• [Exercise]:
Once you reach the line with "- Rear Tire Size: LT275/70SR18" in the material below, copy each line exactly up to and including the line with "カラーは、深みのある色合いが", and skip the pictures.

• [Recorded data]:
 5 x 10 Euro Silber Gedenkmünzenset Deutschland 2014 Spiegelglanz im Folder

* * *

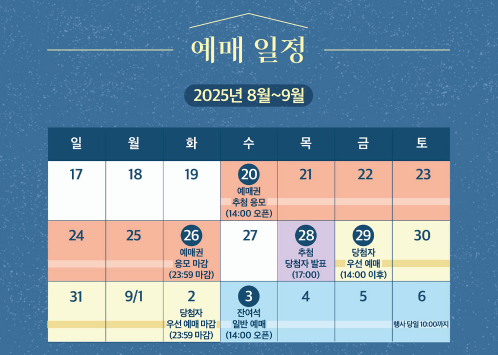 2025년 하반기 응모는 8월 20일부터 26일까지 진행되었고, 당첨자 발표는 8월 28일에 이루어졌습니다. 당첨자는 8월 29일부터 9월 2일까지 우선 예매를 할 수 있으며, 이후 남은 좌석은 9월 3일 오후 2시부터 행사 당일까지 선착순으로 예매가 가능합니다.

---

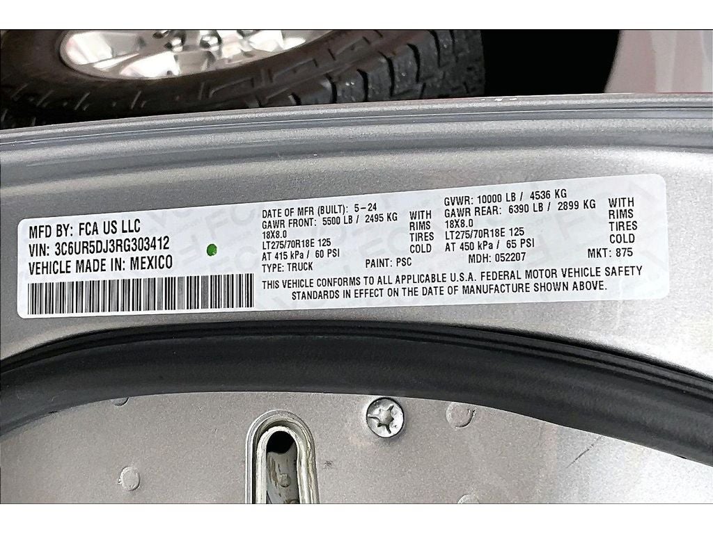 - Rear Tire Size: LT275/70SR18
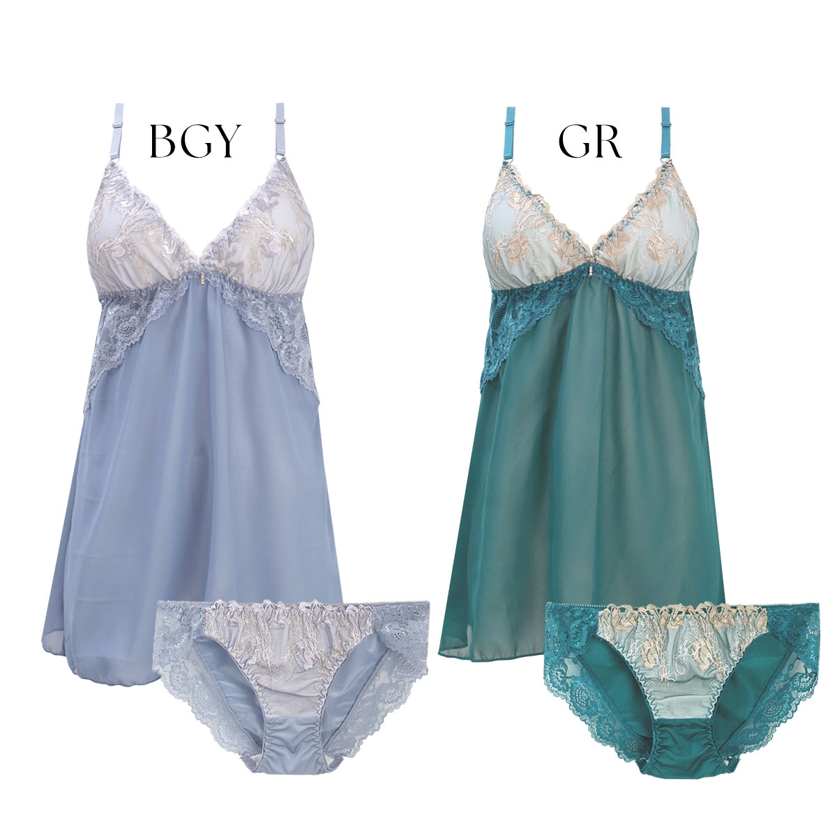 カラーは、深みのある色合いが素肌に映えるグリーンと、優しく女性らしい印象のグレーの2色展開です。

• [Written response]:
 - Rear Tire Size: LT275/70SR18
 カラーは、深みのある色合いが素肌に映えるグリーンと、優しく女性らしい印象のグレーの2色展開です。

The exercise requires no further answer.